Rangga yang mendengar suara gadis yang sudah dia rindukan belakangan akhir ini, begitu lemah. Hatinya menjadi sakit mendengar penuturan dari kekasihnya.
"Demi Tuhan, aku nggak cinta sama dia!" Rangga menatap mata Grael dengan serius dengan kedua mata yang sama-sama memerah dan mengeluarkan air mata.
"Terus kenapa kamu cium, dia!" bentak Grael dengan suara yang begitu lirih.
"Maafin aku, maaf ... Ay!" Rangga mencium tangan yang terlihat kurus itu dengan beribu-ribu memohon maaf kepada sang kekasih.
"Hubungan kita sudah berakhir Rangga, tidak ada yang harus dipertahankan! Aku sudah ikhlas bila kamu bersama dia." Grael melepaskan tangannya dan mulai menjalankan kursi rodanya.
"Ay ... aku tuh sama Veby cuma ciuman, bukan tidur bareng! Jadi please ... jangan hanya karena gara-gara hal sepele, kamu membatalkan pernikahan kita!" Rangga terus berusaha membujuk Grael, dia menahan kursi roda gadis itu agar berhenti. Akan tetapi Gracia berlari ke arah sang adik dan memeluknya.

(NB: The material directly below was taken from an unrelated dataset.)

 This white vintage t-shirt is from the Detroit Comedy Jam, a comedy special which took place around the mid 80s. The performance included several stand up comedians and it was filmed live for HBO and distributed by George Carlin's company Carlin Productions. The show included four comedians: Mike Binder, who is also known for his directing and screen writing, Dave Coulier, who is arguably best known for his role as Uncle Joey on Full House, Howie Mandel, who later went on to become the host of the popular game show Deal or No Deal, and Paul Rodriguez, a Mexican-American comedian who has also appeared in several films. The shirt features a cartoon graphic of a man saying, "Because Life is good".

"Bukannya Kakak mau ikut campur, tapi Grael masih sakit Rangga, biarkan dia untuk menenangkan hati dan pikiranya dulu. Jadi Kakak mohon sama kamu, tolong jangan temui Grael untuk sementara waktu!" Gracia mengusap bahu Rangga lalu perlahan meninggalkan pemuda itu yang masih mematung melihat kepergian Grael.
***
Hari pernikahan Gracia dan Marvin telah usai, kini Gracia resmi menjadi istri seorang pemilik hotel ternama di kota tersebut. Grael yang menemani sang Kaka dari awal sampai akhir acara tersebut, begitu terharu walaupun dia masih duduk di kursi roda. Akan tetapi, kecantikannya tetap terpancar dari raut wajahnya.
"Aku iri sama Kakak," ucap Grael ketika hanya ada mereka berdua.

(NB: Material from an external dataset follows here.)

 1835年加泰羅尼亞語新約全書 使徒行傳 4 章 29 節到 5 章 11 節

"Kenapa iri? Kan sebentar lagi kamu juga akan menikah, lebih mewah lagi dari Kakak." Gracia mencolek hidung sang adik.
"Ya iri, karena Kakak bisa menikah dengan orang yang Kakak cintai," ujar Grael dengan yang tersenyum sedih.
__ADS_1
"Loh, kamu kan juga menikah dengan orang yang kamu cintai?" ledek Gracia.
"Itu hanya sekedar kagum Kak, bukan cinta! Lagian dia juga terpaksa menggantikan posisi Rangga semata-mata bentuk tanggung jawab atas perjodohan, bukan karena cinta." Grael mengambil sepotong buah yang berada di hadapannya.

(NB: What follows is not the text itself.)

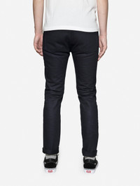 The NT-120x is a midweight raw indigo/black selvedge jean with a high rise and slightly roomier thighs, coupled with our smallest leg opening. This style utilizes our flagship 14.5 oz shadow selvedge denim (120x) which is woven exclusively for us by Kuroki Mills and will fade to a high contrast blue with wear. Additional details include custom gunmetal YKK hardware and a roughout leather patch. All our jeans feature super heavyweight 8oz cotton twill pocketing that is almost twice the weight of traditional pocketbags. Made in USA. Details - 14.5oz raw indigo warp/black weft selvedge woven in Okayama, Japan - Custom gunmetal shanks and rivets - Selvedge fly and coin pocket detailing - Heavyweight leather patch by Tanner Goods - 8oz heavy cotton twill pocketing - Made in USA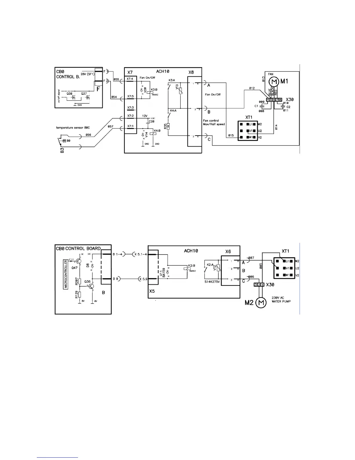 When pump is off voltage between X8:A -- X8:C should be about 230V

"Kalau kamu nggak cinta, kenapa kamu menerima lamaran dia?" tanya Gracia.
"Karena bentuk tanggung jawab perjodohan yang sudah ayah buat," lontar Grael yang tersenyum.
"Grael ... dengerin Kakak, pernikahan itu tidak boleh dibuat main-main, apalagi kalau kamu bilang sebagai bentuk rasa tanggungjawab. Kakak pinta, apa yang sudah kamu ambil keputusan itu, kamu harus tulus menjalani biduk rumah tangga kamu," ucap Gracia yang menjelaskan.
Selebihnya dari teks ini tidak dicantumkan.